One of the challenges harvest time brings is the impact of harvest on soil health, such as increased soil compaction and bulk density as well as reduction in water infiltration. Wet soils are susceptible to compaction during harvest operations. When soils are near saturated conditions, heavy equipment loads weaken soil structure where water works as lubricant, leading to the collapse of soil aggregates. This will cause significant surface compaction, rutting, and deep subsoil compaction.
Damage from soil compaction can significantly impact water infiltration, root development, and ultimately crop yields the following season. It is estimated that yield loss due to soil compaction caused by wheel traffic ranges between 10-20% depending on the extent of soil compaction. An axle load from a 12-row combine with full a grain tank is estimated at 26 tons/axle and a single-axle fully loaded grain cart is estimated at 22 tons/axle. The combination of such heavy equipment and wet soil can create significant soil compaction.
Wet field conditions make soil prone to compaction that is occasionally unavoidable in the fall, as farmers make an effort to get grain harvested without pre-harvest yield losses and worsening grain quality. Avoid wet and near saturated soil conditions. Ideally, field operations would be delayed until soil water is below field capacity, where soil retains maximum amount of water. Tillage fuel and time cost could increase significantly to remediate excessively compacted soils during harvest operations.
Tips to minimize soil compaction during and after harvest
Prior to entering the field with equipment, check the soil moisture status with a simple in-field test. Most of Iowa’s soils have medium textures that the “Feel-Method” can be used to estimate moisture status. Push a ribbon of soil between the thumb and index finger. If it breaks off within one or two inches, the potential for creating compaction is low. However, if the ribbon stretches out to four or five inches, it is too wet. The chances are good that being in the field under these conditions may cause more problems than it will solve. Probing the top 12-18 inches with a hand soil probe to assess the field's soil moisture conditions is time well spent.
Another soil consistency test is to roll soil against the palm of your hand to determine if it will clump and roll or if it is fragile and falls apart. Soil that clumps together is more prone to compaction. After checking your soil moisture conditions, the following tips are valuable to reduce or control soil compaction in the field:
- Dedicated travel lanes. Many combine operators use “on-the-go” unloading into a grain cart to speed up harvest.
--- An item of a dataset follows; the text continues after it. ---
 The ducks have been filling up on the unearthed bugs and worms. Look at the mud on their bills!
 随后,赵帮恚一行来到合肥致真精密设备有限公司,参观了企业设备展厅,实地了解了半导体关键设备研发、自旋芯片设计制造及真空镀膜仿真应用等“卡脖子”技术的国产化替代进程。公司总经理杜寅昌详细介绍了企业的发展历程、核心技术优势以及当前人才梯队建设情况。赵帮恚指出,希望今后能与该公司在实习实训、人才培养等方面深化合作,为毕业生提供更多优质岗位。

In areas that have received excessive rainfall, farmers may want to consider having dedicated travel lanes for the grain cart. It has been documented that 60-80% of soil compaction occurs from the first wheel passes, subsequent field operations account for a much smaller amount of compaction.
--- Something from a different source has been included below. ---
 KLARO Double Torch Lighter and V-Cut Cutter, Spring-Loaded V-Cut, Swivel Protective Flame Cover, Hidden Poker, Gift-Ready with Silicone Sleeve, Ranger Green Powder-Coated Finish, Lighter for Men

- Don’t run at full capacity. Reduce the axle loads of both the combine and grain carts by not loading them to full capacity. This may not be an attractive option in high-yielding cornfields and where harvest has already been delayed. This is much easier to implement in soybean where the grain volume is much less than corn. A compromise may be to try and keep axle loads lower in the far reaches of fields and achieve the highest axle loads (full capacity) near the end rows where grain will be transported out of the field.
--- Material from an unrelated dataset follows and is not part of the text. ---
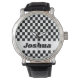 Cool, coutume, unique, montres unique a un design de drapeau à damiers noir et blanc sur l'avant. Personnalisez le devant en changeant le nom à ce que vous voulez. Cela ferait un grand cadeau pour les amateurs de voitures de course dans votre vie. Veuillez consulter nos autres options de vérification personnalisées.

- Tire size and inflation pressure. Use appropriate tire sizes for the conditions and adjust tire air pressure to match the axle load being carried. Larger tires with lower air pressure provide more surface area, allow for better flotation, and reduce pressure on the soil surface.
- Concentrate non-harvest field activates near the field exit. While it is tempting to move semi-trailers and tractors with wagons along the field edge as harvest continues, this practice increases compaction along the end rows. Also, moving semi-trailers along the combine will spread soil compaction throughout the field. Try to limit compaction to the smallest area possible.
- Harvest around the wettest areas. The wettest areas are the most at risk for soil compaction and are also an accident risk that could lead to longer harvest delays. Additionally, buried equipment may come with large financial penalties. Weigh risk versus benefits and come back to these areas later in the fall once the soil is drier or frozen.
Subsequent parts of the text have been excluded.